Adding additional software

To add additional software, simply add the required RUN commands to the Dockerfile.

If the software you need is available in the repository, the easiest is to adapt the first RUN command used to install mono and related libraries. Simply add the packages you need to this command.

If the software you need is available as a biocontainer image, have a look at the respective Dockerfile in Biodocker’s GitHub repository. The simplest method is to copy the install command from there.

Alternatively, you need to manually add the required files for your tool to the Docker image using the ADD or COPY commands and then execute the required shell commands using RUN statements.

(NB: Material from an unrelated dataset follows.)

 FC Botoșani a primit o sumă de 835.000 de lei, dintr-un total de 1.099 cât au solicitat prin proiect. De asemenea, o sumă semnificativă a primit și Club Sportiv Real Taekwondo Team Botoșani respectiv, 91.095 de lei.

Tip: Always delete temporary files at the end of a run statement to keep your image as small as possible.

Building your container

To build your container, execute the following command in the directory containing the Dockerfile:

sudo docker build -t yourname/my_container .

sudo is needed on most Linux distributions since the docker command can only be executed by root.

The -t yourname/my_container parameter assigns a tag to the new container. The format for these tags is {username}/{container name}:{version}. If {version} is ommitted, like in the above example, the default :latest version is automatically added to the tag. If launching or pulling a container without specifying the version, this also defaults to the :latest version.

Warning: Do not use the :latest version for your final workflows. These do not reference a stable version and will change in the future and do not provide a stable point of reference.

Testing your container

To launch your container, simply call:

sudo docker run yourname/my_container

Since you will want to access the Jupyter web interface and don’t want the container to exit immediately, you also need to map the respective port and enable an interactive session:

sudo docker run -p 8888:8888 -ti yourname/my_container

For more information on how to start a container using the docker command directly, have a look at Run IsoProt without docker-launcher.

Debugging your container

Sometimes, you will want to access your container directly using a shell. There are two options to do this:

Start the container to open a shell directly:

sudo docker run -ti -p 8888:8888 yourname/my_container bash

To have root access in the session:

sudo docker run -ti -p 8888:8888 -u root yourname/my_container bash

Connect to a running container

Run sudo docker container ls to find the appropriate container_id. Then, run sudo docker exec -ti -u root <container_id> bash:

# Get the running container id
$> sudo docker container ls
CONTAINER ID        IMAGE                               COMMAND                  CREATED [...]
c4f023536c56        protprotocols/isoprot:release-0.2   "/bin/sh -c 'jupyter…"   [...]

# Open a session in this container
sudo docker exec -ti -u root c4f023536c56 bash